Return every entry exactly as written, with the pictures removed.

• [The data]
- - - -
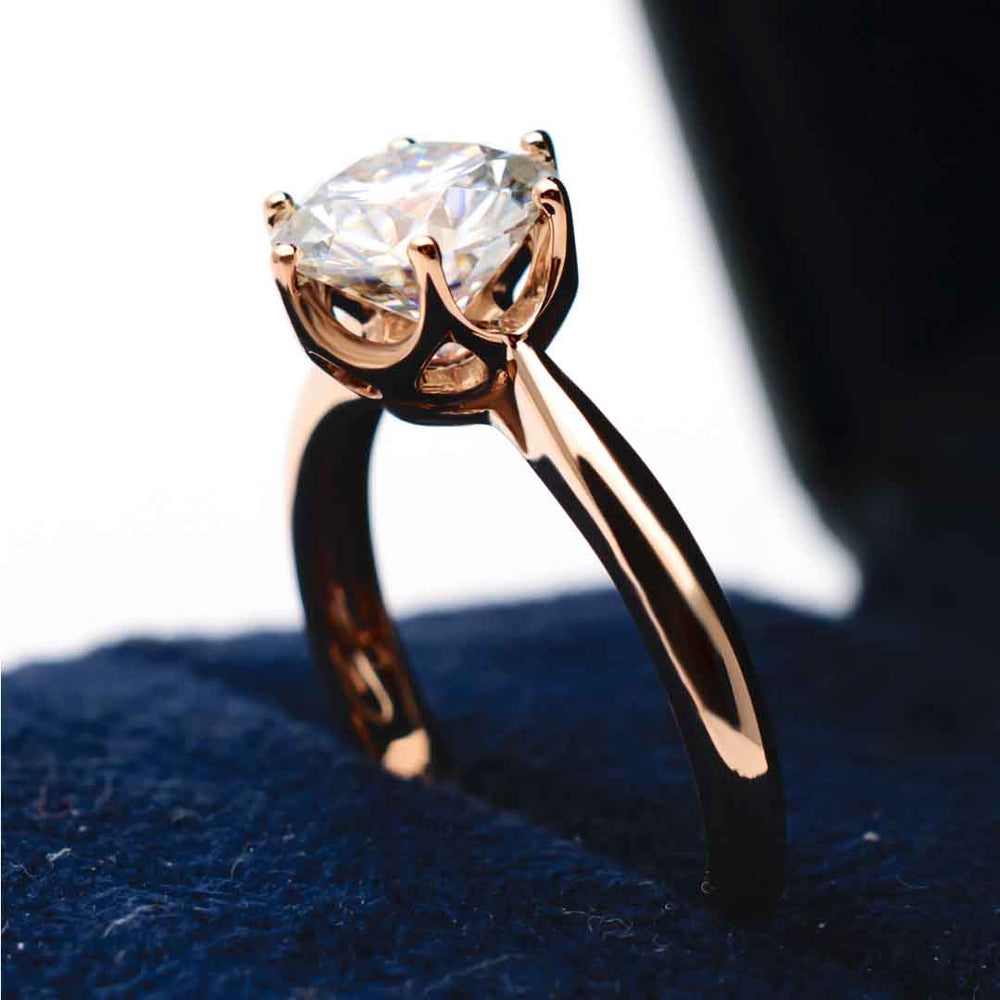 Introducing Rosie, a rose gold moissanite dream. She is an embodiment of feminine glow in modern romance. At her heart is a dazzling 2 carat round moissanite, its brilliance enhanced by the rosy metal hue. She showcases an innovative, sculptural prong setting. Six curved prongs rise from the band, creating a crown like bed for the center stone.
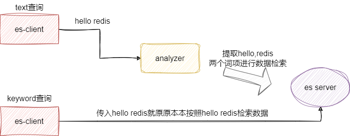 通过get请求发现ip:9200/key_word_index/_search,必须传入下面指定keyword类型才能精准匹配到数据:
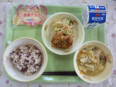 赤飯、かきたま汁、鶏肉のから揚げ、ごま和え、お祝いデザート、牛乳
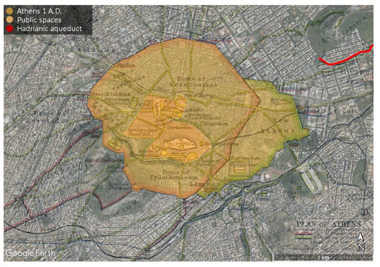 - Historical Map of Athens, Superimposed on a Plan of the Modern City. Approximate Date of the Map: 200 A.D. Credits: University of Texas at Austin. Historical Atlas by William Shepherd (1923-26). Available online: http://www.emersonkent.com/map_archive/athens_200_ad.htm (accessed on 25 January 2022).
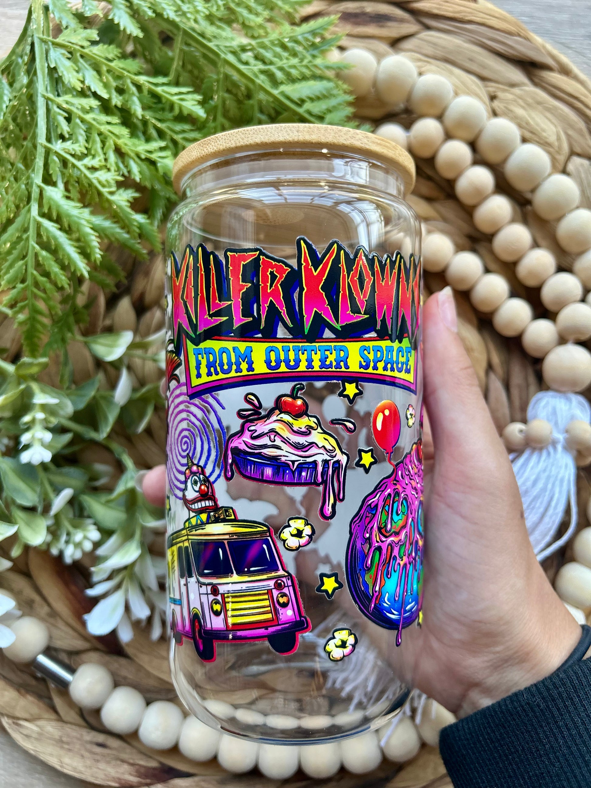 Whether you’re sipping iced coffee, potions, or something straight from the carnival, these cups are perfect for horror fans who love to mix glam with gore.
- - - -
• [Result]
 Introducing Rosie, a rose gold moissanite dream. She is an embodiment of feminine glow in modern romance. At her heart is a dazzling 2 carat round moissanite, its brilliance enhanced by the rosy metal hue. She showcases an innovative, sculptural prong setting. Six curved prongs rise from the band, creating a crown like bed for the center stone.
 通过get请求发现ip:9200/key_word_index/_search,必须传入下面指定keyword类型才能精准匹配到数据:
 赤飯、かきたま汁、鶏肉のから揚げ、ごま和え、お祝いデザート、牛乳
 - Historical Map of Athens, Superimposed on a Plan of the Modern City. Approximate Date of the Map: 200 A.D. Credits: University of Texas at Austin. Historical Atlas by William Shepherd (1923-26). Available online: http://www.emersonkent.com/map_archive/athens_200_ad.htm (accessed on 25 January 2022).
 Whether you’re sipping iced coffee, potions, or something straight from the carnival, these cups are perfect for horror fans who love to mix glam with gore.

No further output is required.